*** Opening of Listed records ***

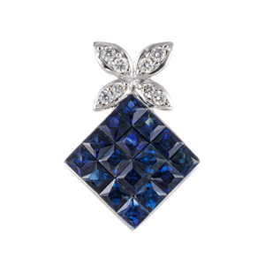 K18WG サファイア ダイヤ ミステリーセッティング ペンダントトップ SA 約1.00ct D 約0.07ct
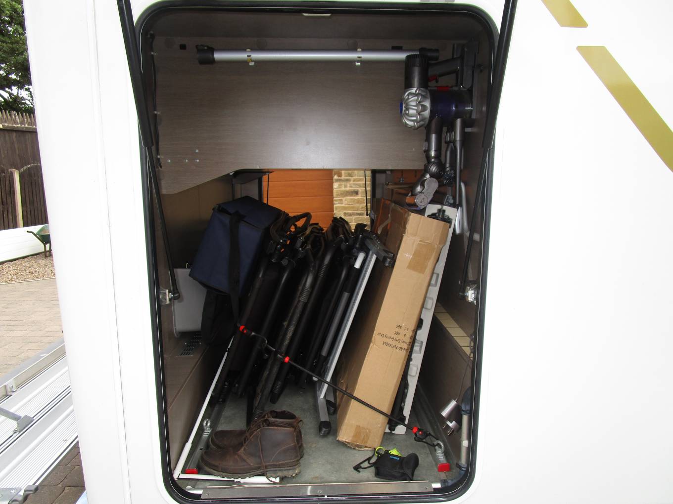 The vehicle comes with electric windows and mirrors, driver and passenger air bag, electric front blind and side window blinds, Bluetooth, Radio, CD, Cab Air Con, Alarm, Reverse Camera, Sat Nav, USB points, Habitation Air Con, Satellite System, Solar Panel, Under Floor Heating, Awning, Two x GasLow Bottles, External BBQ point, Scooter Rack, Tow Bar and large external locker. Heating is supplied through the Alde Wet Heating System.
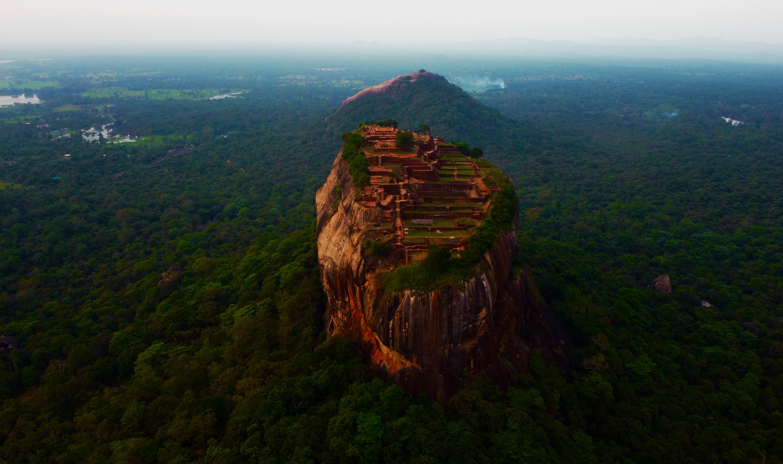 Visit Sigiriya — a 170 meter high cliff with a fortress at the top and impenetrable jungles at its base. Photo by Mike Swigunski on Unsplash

*** Close of Listed records ***
*** Opening of Listed records ***

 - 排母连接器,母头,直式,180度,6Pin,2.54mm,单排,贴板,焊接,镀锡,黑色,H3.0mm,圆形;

*** Close of Listed records ***

◆ Exercise details
Leaving out the pictures, please output the lines in the entries above from the one with "K18WG サファイア ダイヤ" through the one with "Visit Sigiriya —", exactly as they are.

◆ Written response
 K18WG サファイア ダイヤ ミステリーセッティング ペンダントトップ SA 約1.00ct D 約0.07ct
 The vehicle comes with electric windows and mirrors, driver and passenger air bag, electric front blind and side window blinds, Bluetooth, Radio, CD, Cab Air Con, Alarm, Reverse Camera, Sat Nav, USB points, Habitation Air Con, Satellite System, Solar Panel, Under Floor Heating, Awning, Two x GasLow Bottles, External BBQ point, Scooter Rack, Tow Bar and large external locker. Heating is supplied through the Alde Wet Heating System.
 Visit Sigiriya — a 170 meter high cliff with a fortress at the top and impenetrable jungles at its base. Photo by Mike Swigunski on Unsplash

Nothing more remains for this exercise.